Trust - The Second Principle of High Performing Teams

December 19, 2017

 

Trust lies at the heart of relationships and collaboration on a high performing team. Whether we’re looking at relationships between individual team members or among the full team, trust is a measure of the quality of those relationships. At Team Trek we believe trust, along with 100% Responsibility and communication, are acquirable traits, interrelated, and the foundational principles on a high performing team. All other team principles build on these three. And, while we discuss them as team principles, they are each acted on and implemented by individuals on the team. It is the process of being trustworthy and trusting others that defines who we are as a team.


Individual team members are considered trustworthy when we are confident they do what they say they will do…when they say they will do it. Team members run into trouble and are considered untrustworthy when they don’t do something they say they will do, or when they do something they didn’t announce ahead of time. We regard individual team members as trustworthy when they consistently demonstrate certain character traits. Individuals are considered trustworthy when:
 

  • they are caring and influence the hearts of others

  • they are candid and speak honestly about themselves and others

  • they communicate in a clear, non-fuzzy manner without hording information

  • they are competent and can be counted on to take appropriate action

  • they influence others without attempting to control them

 

We’re not talking about low-level trust – “I trust you to do what I tell you to do.” We’re encouraging high-level trust – “I trust you to make decisions because we share a common purpose or goal.” When there is a climate of high-level trust on a team, relationships are always stronger. People are encouraged to give more of themselves, are more engaged with the work of the team, and are more loyal. Naturally, this leads to increased productivity and a greater sense of personal fulfillment.
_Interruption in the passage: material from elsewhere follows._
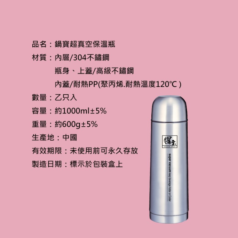 5. 鍋寶 超真空保溫瓶(1000cc) [大買家]

If being trustworthy is one side of the coin, trusting others is the other side of that same coin. It’s a simple concept: When people demonstrate they don’t trust us, we reciprocate – we don’t trust them either. It follows that if team members are unable to trust one another, the team will not be a high performing team. When trust is lacking, team members try to do all the work themselves or they try to supervise other team members so closely they become controlling. High controlling behavior always sends a message, “I don’t trust you.”


Our clients frequently ask, “How do we get more buy-in, commitment, and discretionary effort from our employees?” The answer to this question is demonstrated through a number of simulations we conduct at Team Trek’s Learning Center. People will become actively engaged and committed to team goals when they feel included in the process and are trusted to do their jobs.


How does this transfer back to the workplace? The formula for trusting others is simple:

 

  • Start with trustworthy people

  • Communicate clear expectations

  • Allow people to participate in the process

  • Train people and provide necessary resources

  • Let go…and trust them to do the job

  • Coach if failures occur

  • Encourage them to try again


What is the connection between trust and leadership? The answer is simple: Exemplary leaders are trustworthy themselves and set high expectations others are trustworthy too. These “perfect” leaders know the trusting others formula; they are able to let go and trust others to do their job.